Ironopolis est le surnom de Teesside, ville de métallurgistes qui vit à son apogée 40 000 personnes travailler dans les forges qui faisaient rougeoyer ses ciels nocturnes. Comme beaucoup de cités industrielles, Teesside a dû faire le deuil de son âge d’or suite au démantèlement et à la délocalisation de sa principale activité, qui a mis toute une communauté au chômage, et provoqué les fléaux qui vont avec : alcoolisme, consommation de stupéfiants et montée de la délinquance. La ville qui sert de cadre au roman est ainsi un lieu de déréliction. Ceux qui le peuvent s’en vont, incités à la faire par des promoteurs qui voient dans ces territoires délaissés l’opportunité de formidables plus-values.

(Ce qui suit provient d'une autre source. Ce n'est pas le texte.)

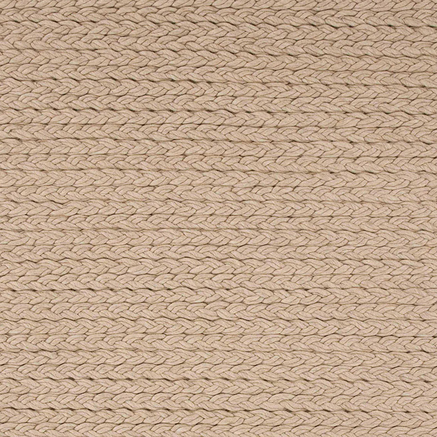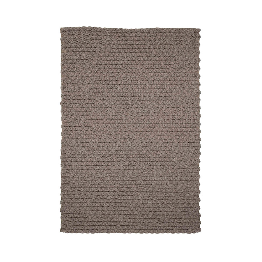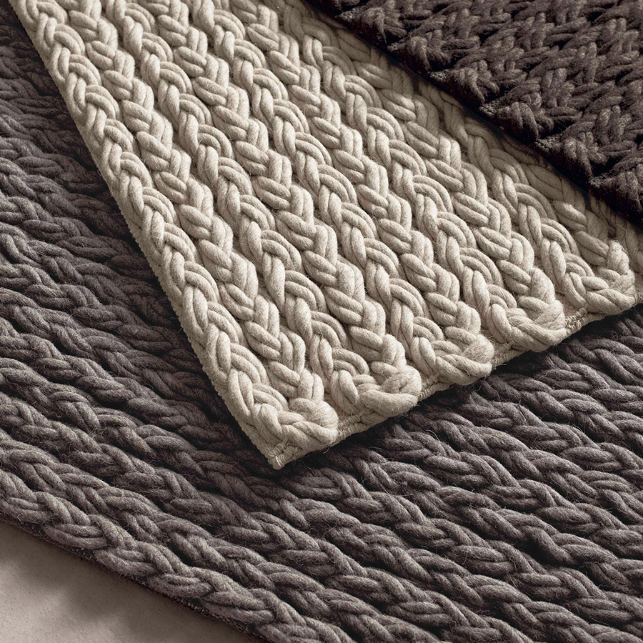 El trenzado de lana gruesa que presenta esta alfombra en su cara superior busca transmitir una atmósfera natural y rústica de estilo contemporáneo, en alusión al aparente entrelazado de las espigas silvestres. Su voluminosa textura se elabora con lana de color marrón grisáceo. Se puede adquirir también en formato redondo, así como en color crudo o marrón.

N’y restent que les désespérés, quelques fauteurs de troubles, des chiens errants et une poignée d’irréductibles…

Nous y pénétrons par le point de vue de de six personnages à partir desquels se tissent, sur une vingtaine d’années, les éléments d’une cartographie où lieux et destins se confondent, les premiers engloutissant les seconds dans un marasme vaguement cauchemardesque, qui signe le deuil de tout espoir, de toute illusion.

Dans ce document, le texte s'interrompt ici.